They should make this clear to the public so that the public is not
lulled into a false sense of security about the level of protection
that comes with only dealing with FPA members.

Travis
www.travismorien.com

Ext User(sarge)
04-02-2006, 07:50 PM
Andrew Gabb wrote:
> Travis Morien wrote:
>
>> I made the claim that the FPA is nothing more than a trade association
>> whose primary allegiance is to members and who thus doesn't want to
>> offend those it represents by making overtly negative comments about
>
>
> FWIW, Travis, this is why such organisations exist. Why should an
> organisation whose funding comes from its members do anything else, even
> though many such organisations make claims otherwise, and even include
> it in their constitutions (which could cause an interesting
> constitutional problem for them one day - but that's a different issue).
>
> The code of ethics of such organisations tends to reinforce this. Ethics
> is not about being a good person (as many folks think), but about not
> giving the profession a bad name, and not crapping on your colleagues
> (or dobbing them in, for that matter).
>
> If the FPA tends to protect 'bad' members, this probably reflects the
> membership profile, and implies that a majority of the members are
> probably 'bad'. (On a relatively low sample in my own experience, this
> is the case.) If this wasn't so, the executive would have been dumped by
> now. If this wasn't so, the FPA would want to dump the bad eggs, because
> they're bad for the organisation and the majority of its members.
>
> Andrew
Andrew,

Don't know that the term "bad" is appropriate for the majority of
financial planners. Apathetic is a term I would use.

I believe most financial planners are acting in the best interests of
their clients, or at least in a manner they believe is to the benefit of
their clients. Yes they benefit themselves, but this is not different
from any other worker. Anyone who generates an income from their
customers is acting in their own interest - the hope is they are also
acting in the best interest of their clients as well.

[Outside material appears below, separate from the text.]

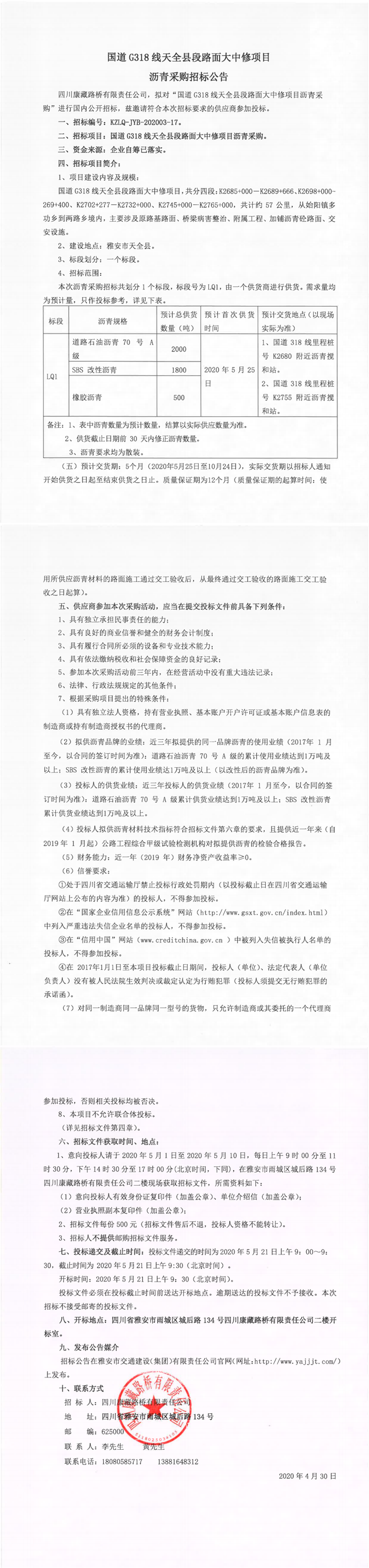 四川康藏路橋有限責(zé)任公司國(guó)道G318線天全縣段路面大中修項(xiàng)目瀝青采購(gòu)招標(biāo)公告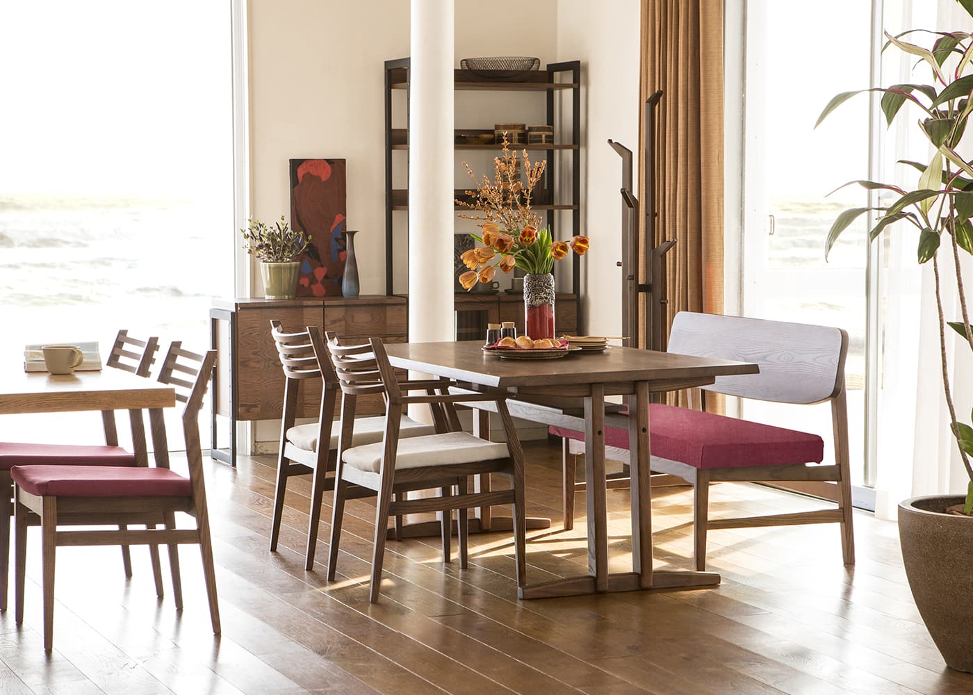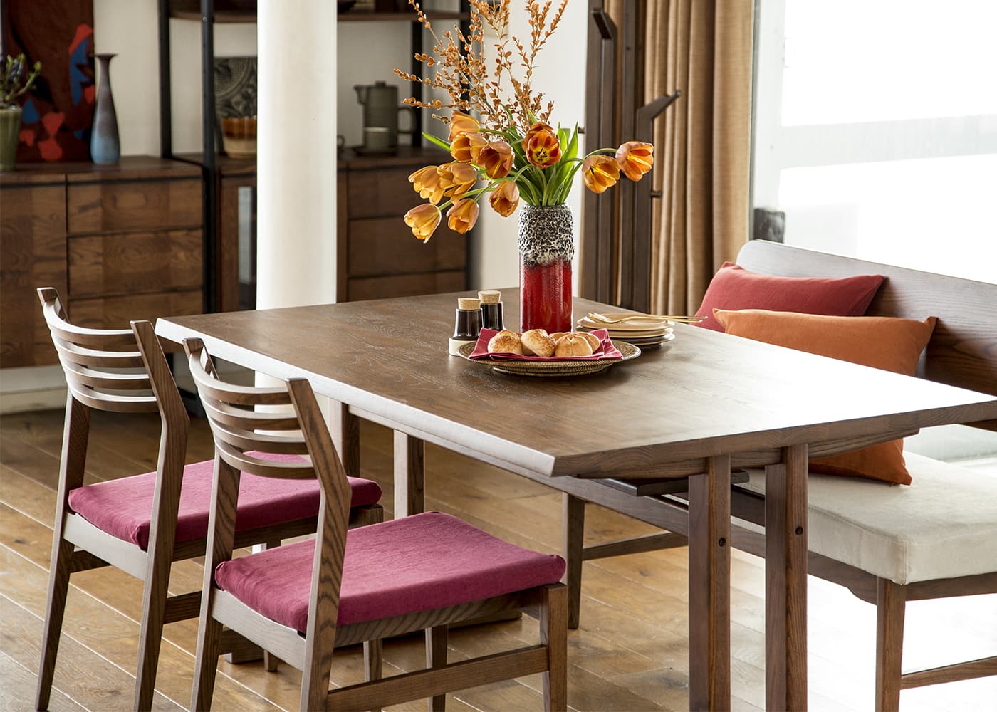 サンセットの温もりに包まれるような南国リゾートを想わせるコーディネート例。ウッド・ダイニングチェアなどの無垢材家具で統一したダイニング空間に、鮮やかなレッドやオレンジの差し色が入ることで、非日常感のある食卓が叶います。

Problem to me is that most financial planners couldn't give a stuff
about what is best for the industry as a whole and just want to focus on
what is best for them personally.

I have been through this fight on a smaller scale within the firm I work
for. The fight to change our fee structure continues, but at least now
the planners have a choice between charging an appropriate fee for
service or gouging the client for every cent (previously we could only
use commissions). Good news is that a larger and larger percentage of
the firms planners are moving to fee for service and the firm has capped
the maximum fee (commission or fee for service) that our clients now
pay. We lost a lot of high revenue generating planners over these
changes but that was a good thing.

Now unless the industry can organise itself, possibly by having another
industry group to speak out against the FPA, the changes will remain
very slow. I believe we don't need a fight about fees vs commission or
independent vs non-independent (there is room and arguments for both
sides in both cases). What we need a group to speak publicly about
clients being given full disclosure, being educated about the risks
associated with the investments they are being offered and paying a fair
fee for what the service & advice they receive.

sarge

Ext User(sarge)
04-02-2006, 08:01 PM
Xylord wrote:
> It seems to me the sooner financial planners who charge
> for their time and effort only as other professions do and
> which do not accept (or rebate) 'commissions' drop the
> term 'financial planners' and far more strongly differentiate
> themselves, perhaps calling themselves qualified
> financiial advisors for instance and have a separate
> organisation with a high media profile as such then they
> might not get tarred with the same brush.
>
> regards Xylord
>
I agree that planners need to start charging like other professionals
(ie. fee based upon work delivered NOT dollars invested). As to whether
they are paid by commission or fee from the client - I am less worried.
My preference is for every planner to be fee for service, but I accept
some people do not have the capacity to pay this way (such as some
people rolling over their Super who may have no funds available outside
Super). The thing is that excess commissions (ie amount over acceptable
fee) should be rebated back to the client.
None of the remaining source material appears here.